Problem: Transcribe this listing exactly; omit the pictures.

Information supplied:
- Opening Delimiter -
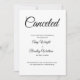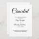 Voici une carte simple pour avertir vos invités s'il est nécessaire d'annoncer que votre mariage a été annulé. Utilisez les champs modèles pour ajouter vos détails personnels et faire de ce design élégant et minimaliste votre propre. L'arrière - plan blanc peut être changé à n'importe quelle couleur que vous préférez. Toutes les polices et couleurs sont également modifiables. Veuillez communiquer avec toute demande spéciale ou customiser de l'aide. D'autres pièces avec un autre libellé sont disponibles dans la collection.
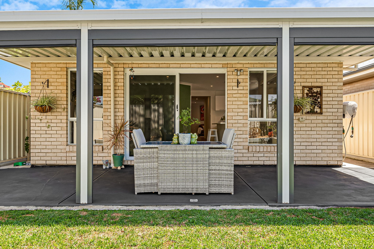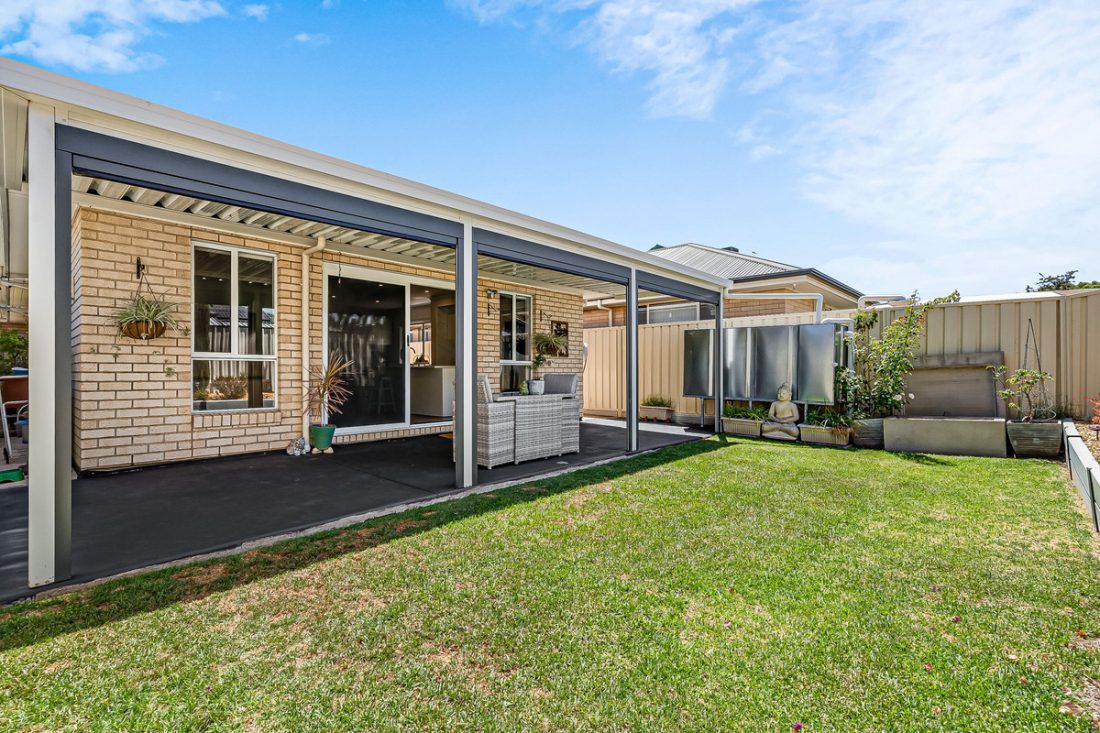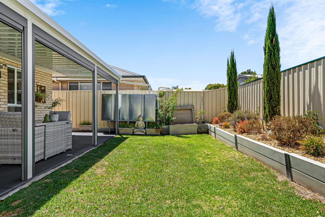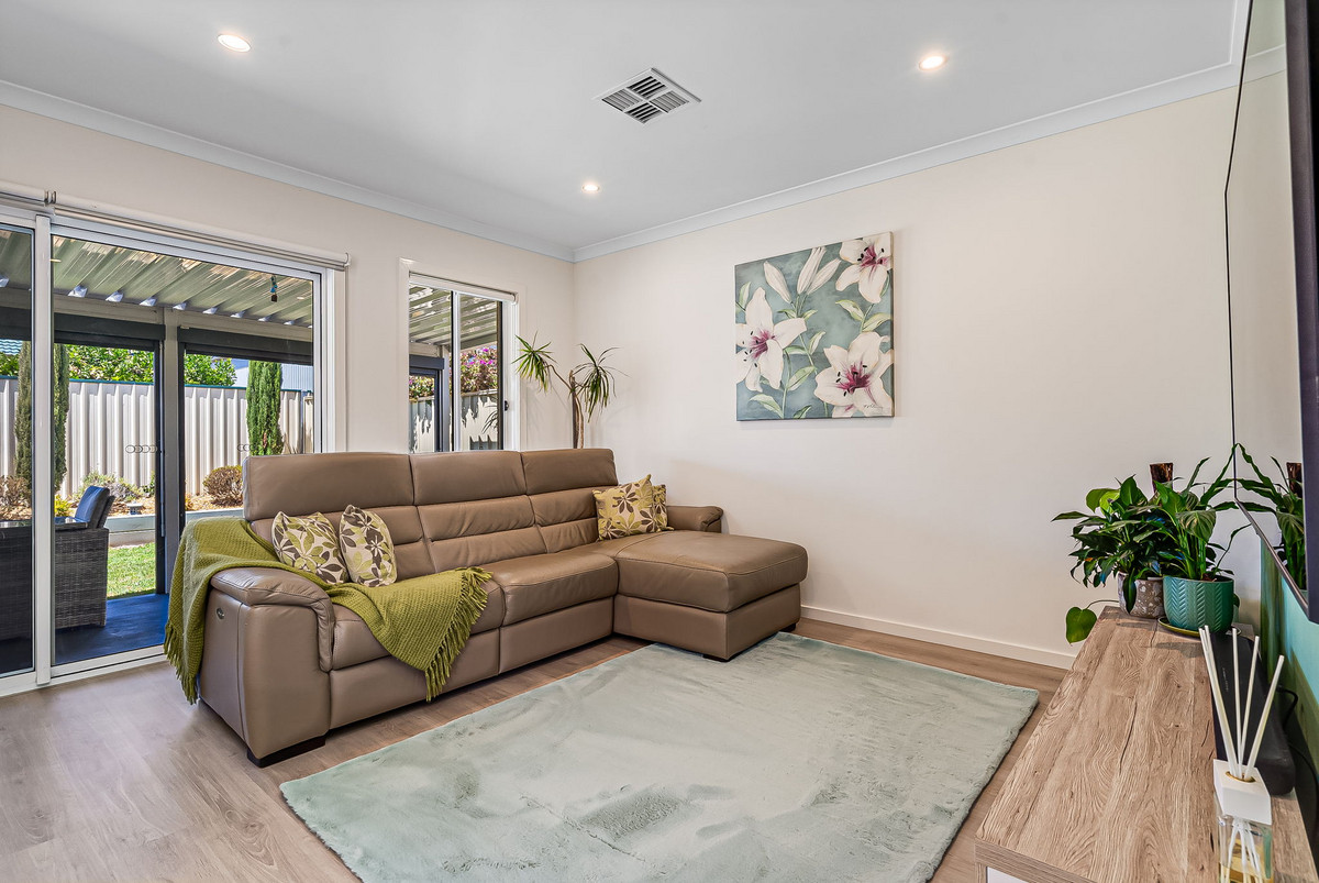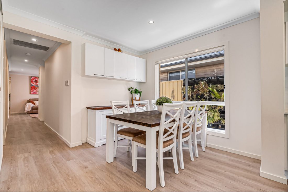 Seamlessly connected, the dining and living areas flow effortlessly to the backyard through glass sliding doors. Outside, a private retreat awaits, featuring an undercover alfresco area with outdoor blinds, overlooking a neatly manicured lawn and a tidy garden bed along the fence line – perfect for kids to play and pets to roam.
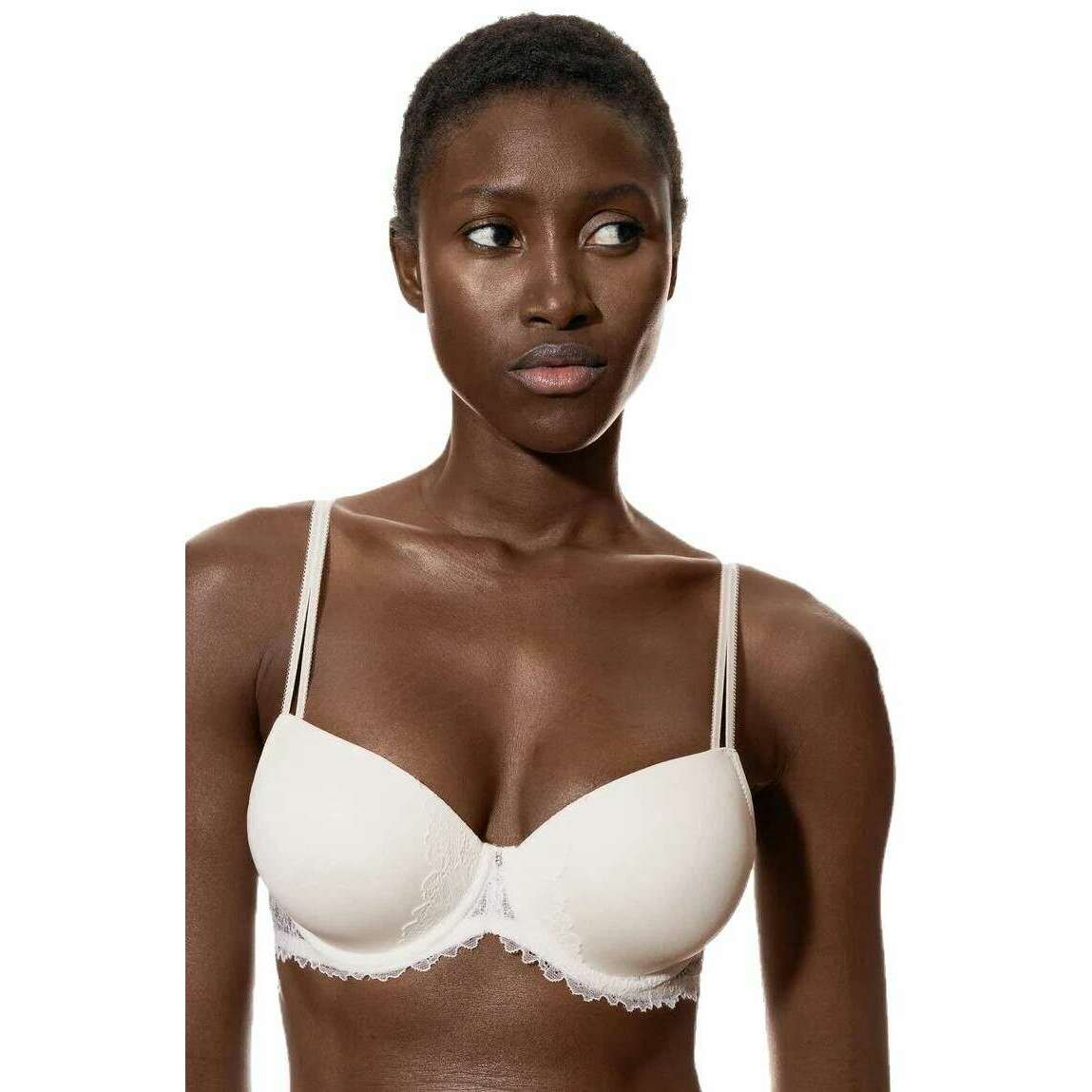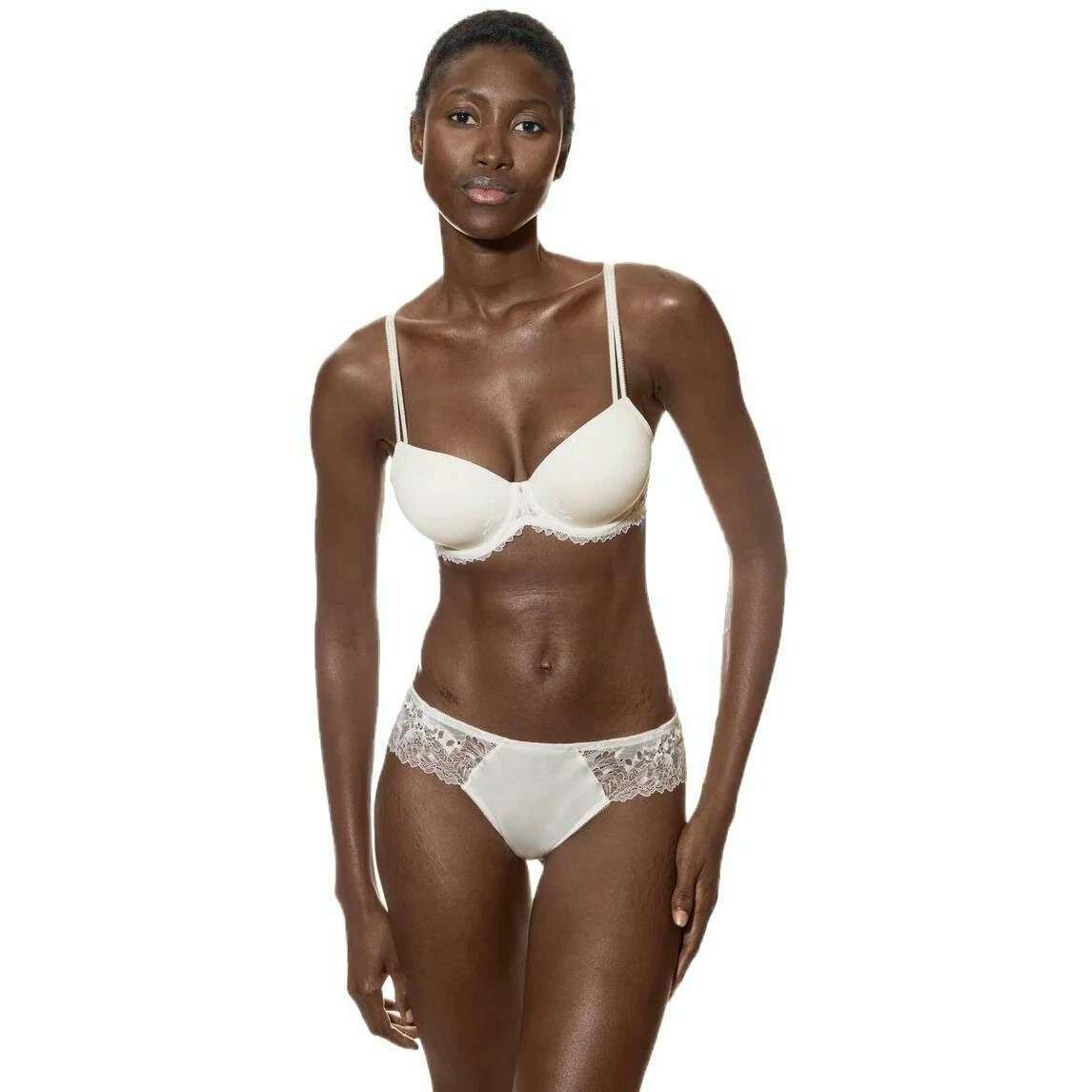 This women's luxurious bi-stretch full cup bra by the brand Mey is made from 87% polyamide and 13% elastane and is showcased in cream. Also the champagne cream underwear is designed in a plain pattern, It is recommended to hand wash only, not suitable for tumble drying to keep this underwear in good condition. All the underwear comes complete in mey packaging. The Mey Luxurious Bi-Stretch Full Cup Bra - Champagne Cream feature a full cup design with padded cups and underwire to give you full support throughout its wear. The bridge has a beautiful decorative pendant as well as elegant lace adorning the bridge and under bust band giving you feminine yet sexy style. The hook and eyelet closure offers a secure fit and the adjustable straps ensure you are comfortable.
- Closing Delimiter -
Exercise output:
 Voici une carte simple pour avertir vos invités s'il est nécessaire d'annoncer que votre mariage a été annulé. Utilisez les champs modèles pour ajouter vos détails personnels et faire de ce design élégant et minimaliste votre propre. L'arrière - plan blanc peut être changé à n'importe quelle couleur que vous préférez. Toutes les polices et couleurs sont également modifiables. Veuillez communiquer avec toute demande spéciale ou customiser de l'aide. D'autres pièces avec un autre libellé sont disponibles dans la collection.
 Seamlessly connected, the dining and living areas flow effortlessly to the backyard through glass sliding doors. Outside, a private retreat awaits, featuring an undercover alfresco area with outdoor blinds, overlooking a neatly manicured lawn and a tidy garden bed along the fence line – perfect for kids to play and pets to roam.
 This women's luxurious bi-stretch full cup bra by the brand Mey is made from 87% polyamide and 13% elastane and is showcased in cream. Also the champagne cream underwear is designed in a plain pattern, It is recommended to hand wash only, not suitable for tumble drying to keep this underwear in good condition. All the underwear comes complete in mey packaging. The Mey Luxurious Bi-Stretch Full Cup Bra - Champagne Cream feature a full cup design with padded cups and underwire to give you full support throughout its wear. The bridge has a beautiful decorative pendant as well as elegant lace adorning the bridge and under bust band giving you feminine yet sexy style. The hook and eyelet closure offers a secure fit and the adjustable straps ensure you are comfortable.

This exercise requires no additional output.